For a second, thinking of how he had almost been murdered in London and then on the steamer, Paul wondered if it might have been Steveni who had betrayed him. But no, that was ridiculous. Steveni was well in with Stavka, but it hadn’t been Stavka who wanted him dead — not at the time. It had been the Bolsheviks to whom his mission had been betrayed and Paul had begun to suspect the man responsible for that was Ransome. Perhaps not consciously but rather unconsciously — not so much in his sleep but while sleeping with his mistress. Trotsky’s former secretary, Evgenia Petrovna Shelepina might have been with Ransome in Finland by the time Paul had arrived in Petersburg, but Ransome had certainly known of his imminent arrival.
That, though, was water under the bridge. Without evidence, there was probably nothing he could do about it even if he ever got back to England.
‘When are you leaving?’ Steveni asked.
‘Tomorrow. There’s a Legion supply train leaving for Ekaterinburg in the morning. I’ve arranged to be on it. I’m to take a communication from Colonel Ward to the consul there, Mr Preston, and then a note to Syrový.’ He paused. ‘The thing is, I’ve not had the opportunity to tell Valentine.’
‘Valentine?’
‘Perhaps you know him as Hart,’ Paul said.
‘I’ll see he knows,’ said Steveni briskly. ‘Any message?’
‘No, I don’t think so.’
‘For anyone else, perhaps?’ Steveni was smiling again.
‘Do you know her?’
‘We’ve met socially.’
‘Then tell her I’ve gone, will you? If you meet socially again, that is. It is what she wanted, after all.’
‘And that’s all?’
Paul was grateful for the dark again.
‘Tell her I’ll find her. Somehow.’
He hadn’t seen Steveni again. Had not seen any of them except for Ward the following morning as he had said his goodbyes. The bluff soldier-cum-politician had returned his salute and offered his hand.

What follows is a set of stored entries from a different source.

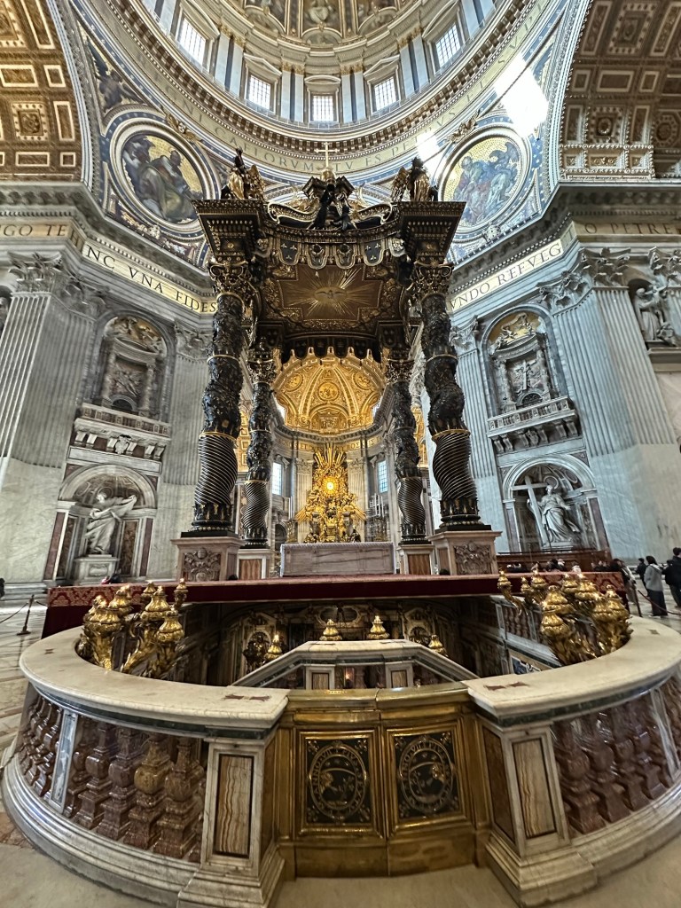 Once at Vatican City, we immediately lined up for St Peter’s Basilica, which is always free to enter. The Pope is in residence and seeing crowds tomorrow, so there were not too many people there today and the line was very short.
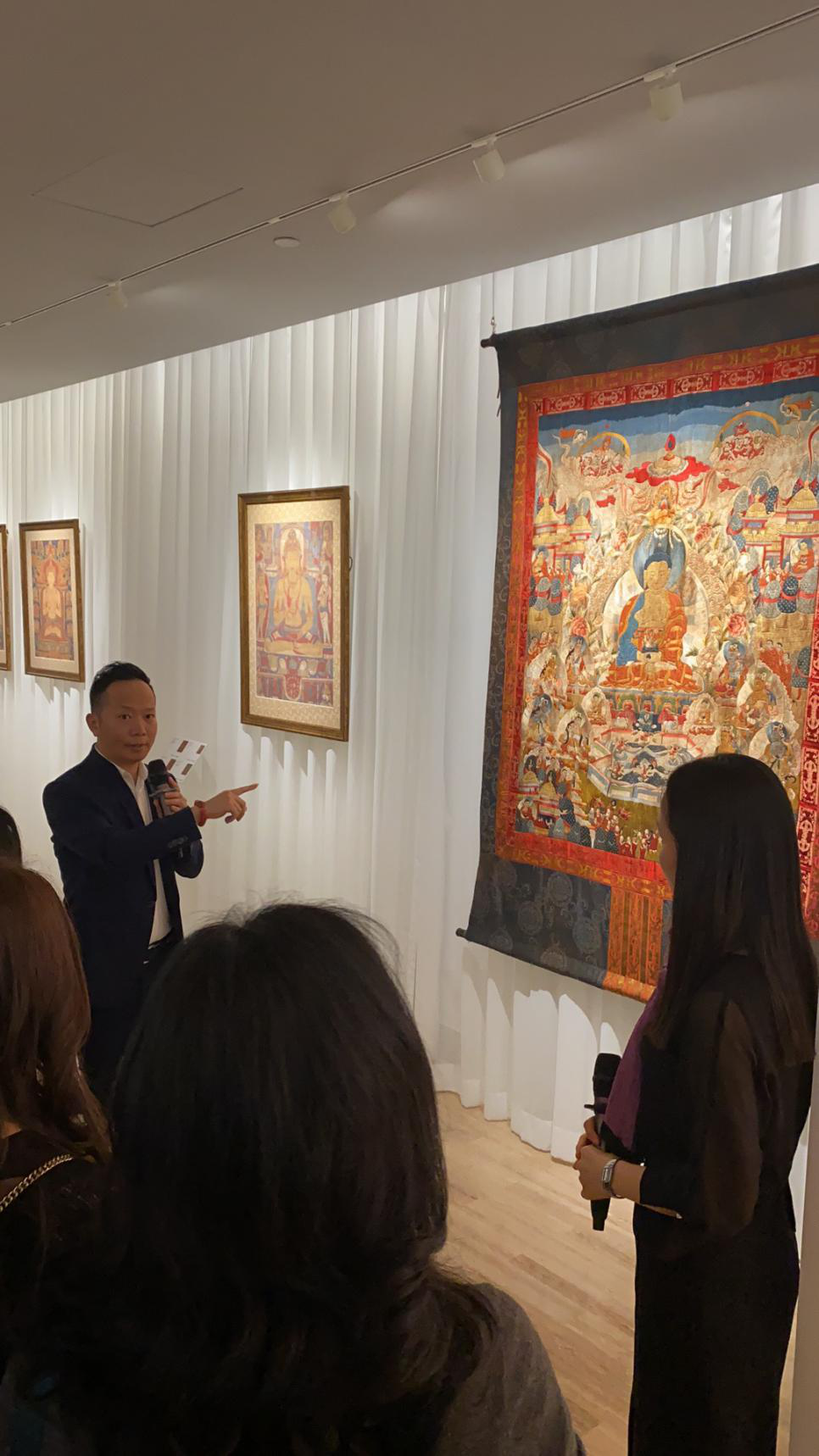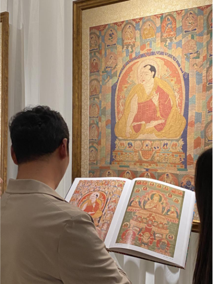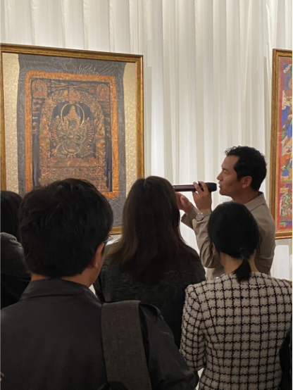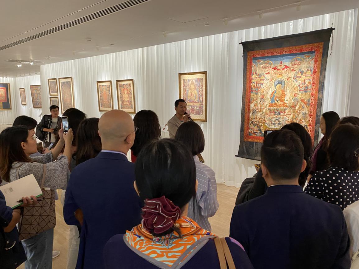為了讓觀眾更好地了解本次展出唐卡的工藝美及其背后所蘊(yùn)含的人文價(jià)值,桂心堂主人邀請了布達(dá)拉宮唐卡專家——次仁占堆老師、曾長期生活于蘇州的資深唐卡愛好者葉小龍,一同在1月4日的下午,給觀眾們帶來了一場深入淺出的導(dǎo)覽活動。
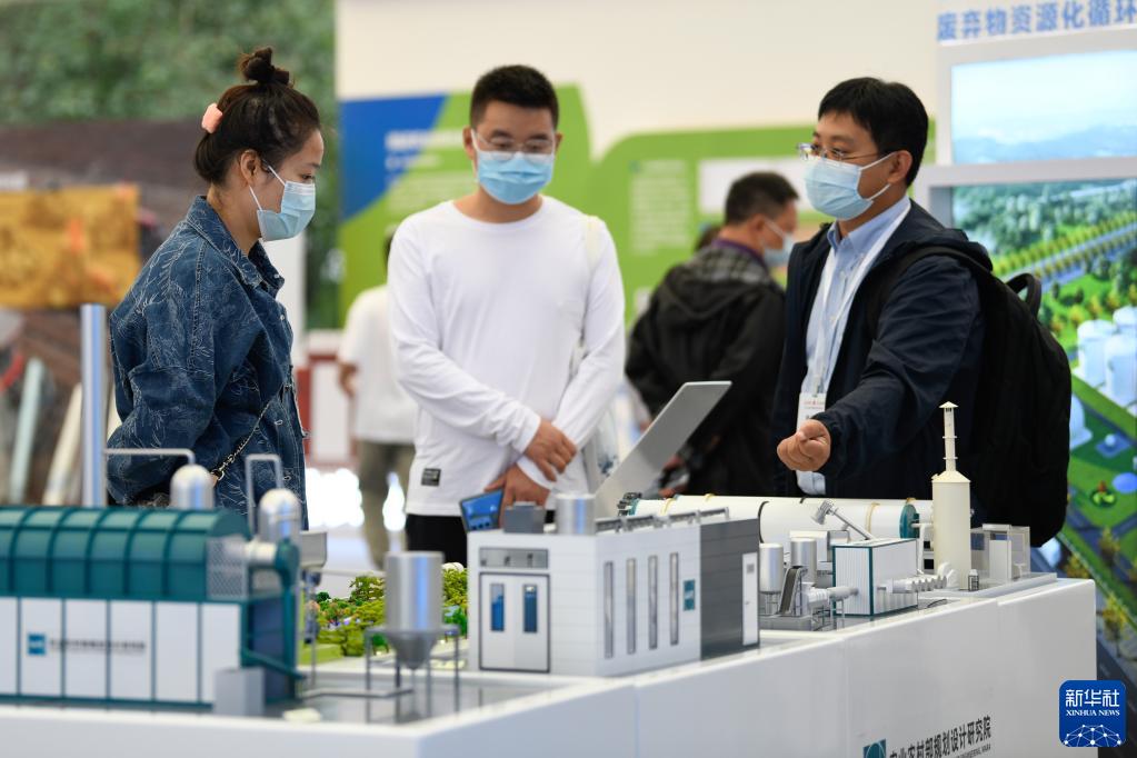 9月23日,在四川省成都市天府農業博覽園“大國糧倉科技館”內,參觀者在了解農業農村生產生活廢棄物資源化循環系統。

‘Good luck to you, lad. There’s work to be done here in Russia if the country’s to regain her rightful place in the world. And if we all play our part then it’ll be a more equitable Russia and a better future for everyone. You’ll be useful, Ross, I know.’
48
Ward’s fine sentiment had all been very well at the time. But Paul had long since disabused himself of any notion that he had a useful part to play in Russia. He had, indeed, long since resolved to quit the country at the first opportunity: make your own way back, as Browning had told him in Cumming’s office all those months ago.
The trouble with resolutions, though, was that they could not always be put into effect. The opportunity to leave had never arisen.

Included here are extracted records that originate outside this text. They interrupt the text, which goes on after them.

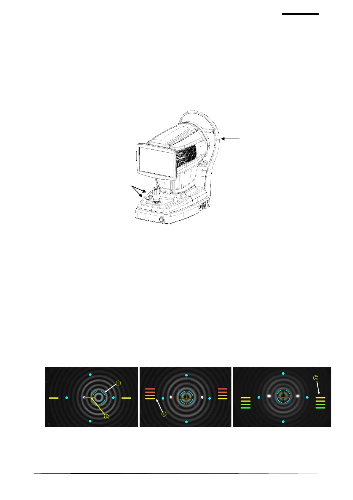 (1) Move the body up/down and left/right with joystick until center of placido-ring (A) and center of cross (B) are
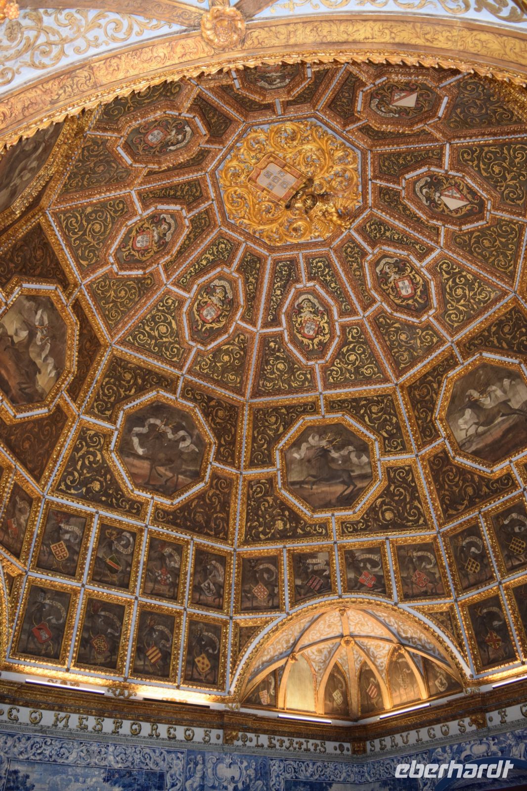 Bei trockenem Wetter "pilgern" wir anschließend auf dem legendären Jacobs Weg durch die engen Gassen bergab zum Hafenviertel Portos. Gunhild zeigt uns die schmalen Häuser der früheren Kaufleute, die Porto in früheren Zeiten zu Reichtum verholfen haben. Wir gelangen auf einen Platz, auf dem ein Denkmal von "Heinrich dem Seefahrer" steht. Wir besuchen da die ehemalige Börse. Ein Palast, der im 19. Jahrhundert auf den Resten des zerstörten Franziskaner-Klosters errichtet wurde. Besonders beeindruckend waren die Stuckarbeiten aus portugiesischem Granit und der "Arabische Saal" mit seinen filigranen Arbeiten an den Wänden und Decken. An der Decke des Lichthofes finden wir auch das sächsische Wappen, weil vormals gute Handelsbeziehungen zu den sächsischen Kaufleuten gepflegt wurden.
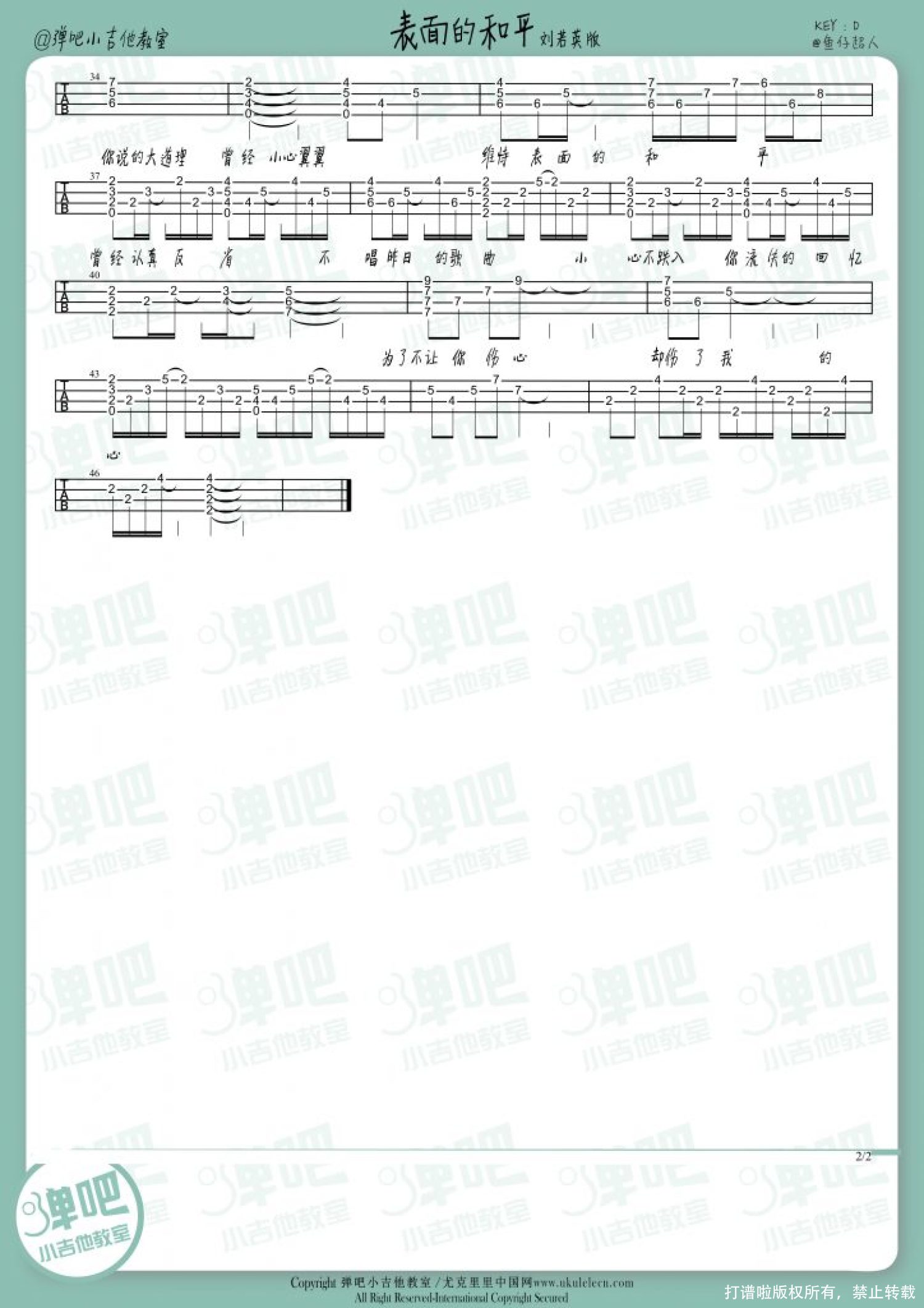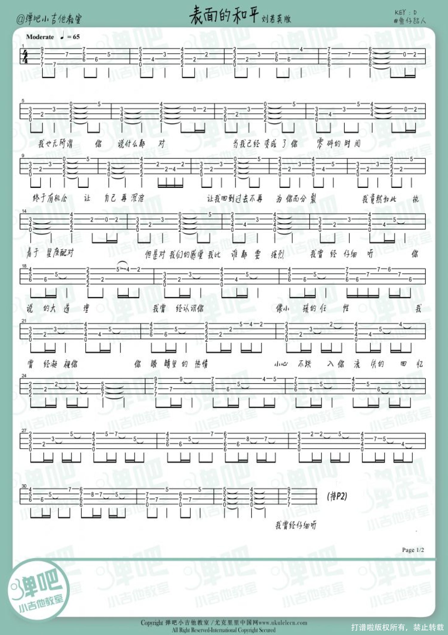 曲谱介绍: 刘若英《表面的和平》_D调尤克里里谱
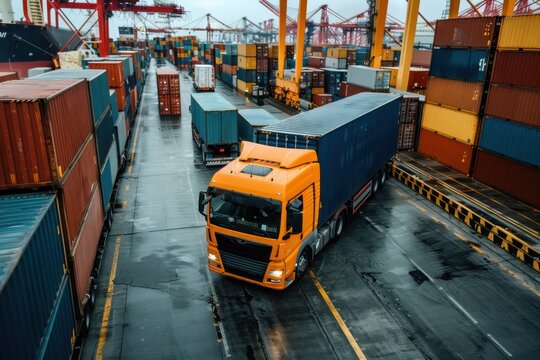 Industrial worker overseeing operations at cargo terminal Generative AI image

He had presented his note from Ward to Syrový in Ekaterinburg. After reading the note with his one good eye, Syrový had granted Paul an interview on the strength of Paul’s being present in Omsk during the coup and privy to the subsequent meeting between Kolchak and Ward.
Ripples from the coup had already passed through Ekaterinburg. The day after Kolchak’s assumption of power in Omsk, White officers in the town had stormed the Palais Royale Hotel where the party leader, Chernov, and other SRs were based. A member of the Constituent Assembly had been killed and Chernov and other leading SRs taken prisoner. Only the timely arrival of a Czech unit saved them from summary execution. The Czechoslovak National Council intervened and ensured that all prisoners and any other endangered SRs were transferred to Ufa, where remnants of Komuch still resisted, rather than to Omsk. But it did little good. At the end of the month Kolchak issued ‘Order 56’, suppressing the remnants of Komuch and had any remaining members of the administration and other leading SRs arrested and transferred to Omsk. Chernov managed to escape but few others did.